Riri’s house was a Tudor hugeness off the campus of Chatham College, where her widowed father, Arthur told me as we climbed the driveway to the front door, taught Farsi, and from which he took many sabbaticals, as he now had; his house poured light all over its immense lawn, and the neighborhood rang with loud music.

“You are now glad that you came,” Mohammad said to me, rather irrelevantly shaking, my hand.

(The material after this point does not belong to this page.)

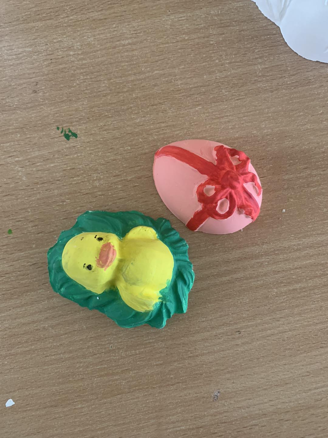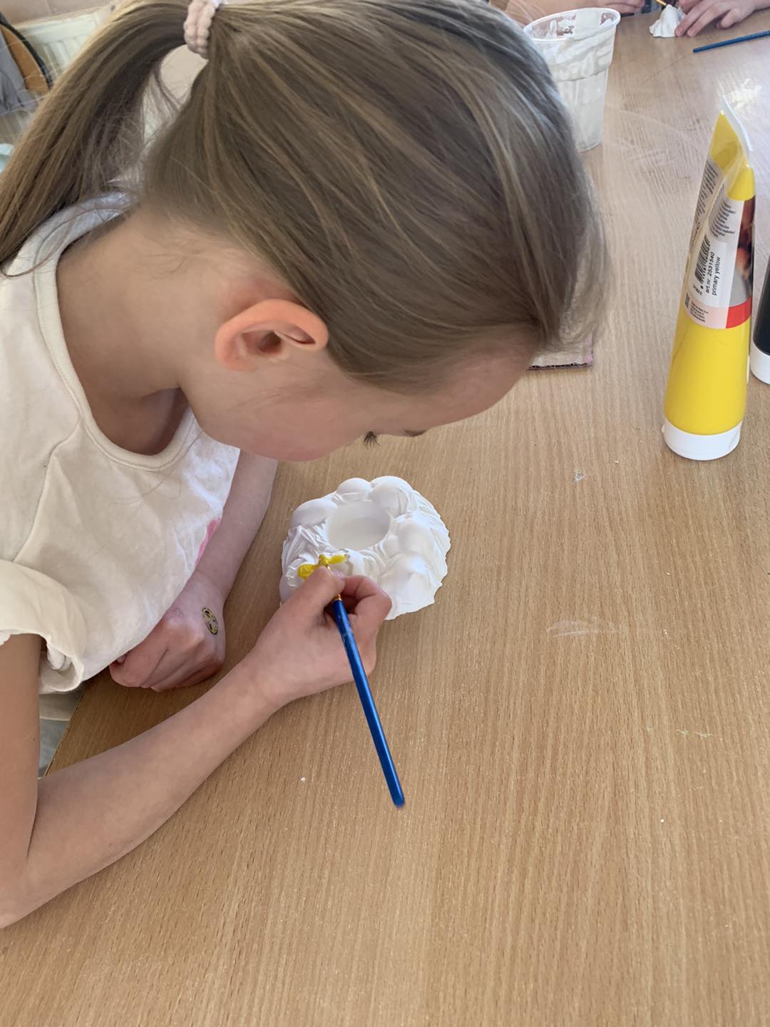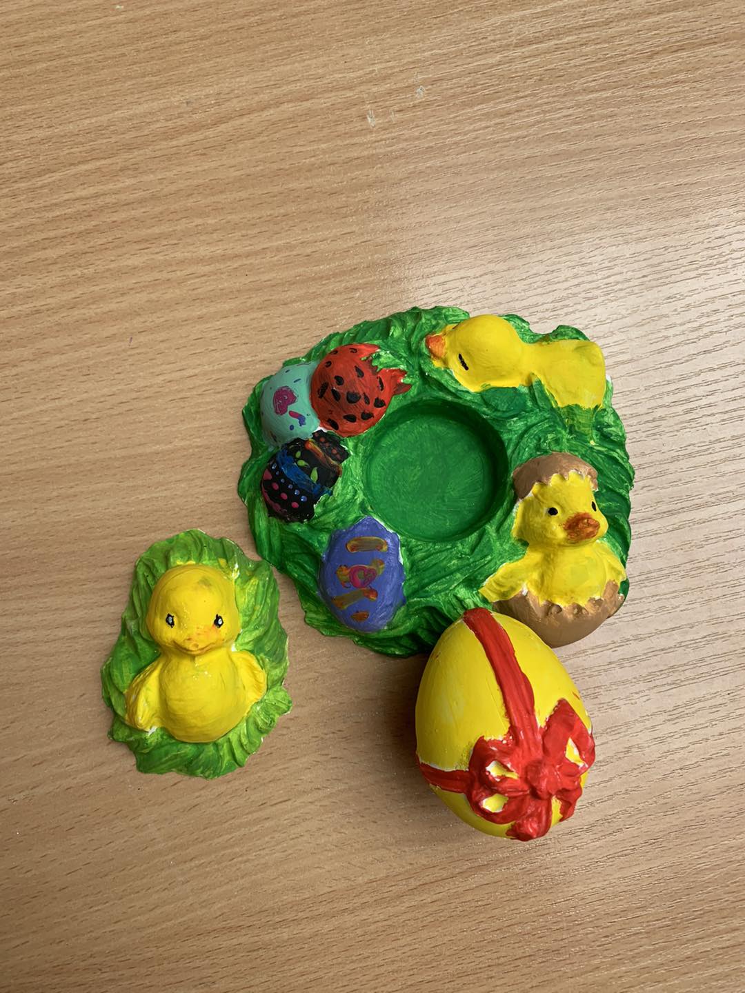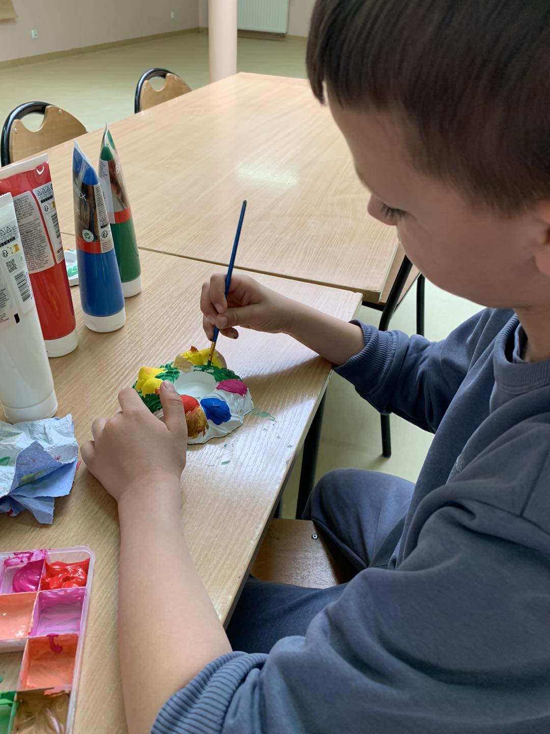 Przed świętami wspólnie z dziećmi tworzyliśmy wielkanocne ozdoby z gipsu – pisanki, króliczki i kurczaczki. Każde dziecko mogło dać upust swojej wyobraźni, malując i dekorując gipsowe figurki według własnego pomysłu.

Then he barged into the pounding foyer.

“Gee, thanks,” I said.

“It’s nice that your old girlfriend was so understanding,” Arthur said, nearly smiling.

I’d faked an apologetic telephone call to Claire, explaining to the dial tone that something had come up, I wouldn’t be able to make dinner, and that I was sorry she had gone to so much trouble for me for nothing, which last, I’d reminded myself, was certainly true.

“Ha. Yes. Where is Momo from?”

“Lebanon,” said Arthur, and then a lovely brown woman in a sarong approached, with a delighted look and arms spread, preparing a brace of wide hugs.

“Momo! Arthur!” she cried. Her eyes were large and brown, made up with gold flecks and three mingled eye shadows, and her hair was shot through with colorful objects, lacquered chopsticks, and bits of feather and crepe. I stood by the open door, watching the traded embraces, keeping a patient, big, phony smile on my face. Momo cried out, cursed in French, and ran deep into the house, with a grim, insane look on his face, as if in pursuit of some prey he’d finally cornered after a million-year hunt. Our greeter, whom I took to be Riri, had splendid shoulders, which fell, smoothly and unhindered by clothing, to the bouncing top of her flowered wrapper. Like many Persian women, she had an eagling kind of beauty, hooked and dark, and mean about the eyes. After she had kissed her two boys, she turned to me and held out a hostesslike cute hand.

“Riri, this is my friend, Art,” said Arthur.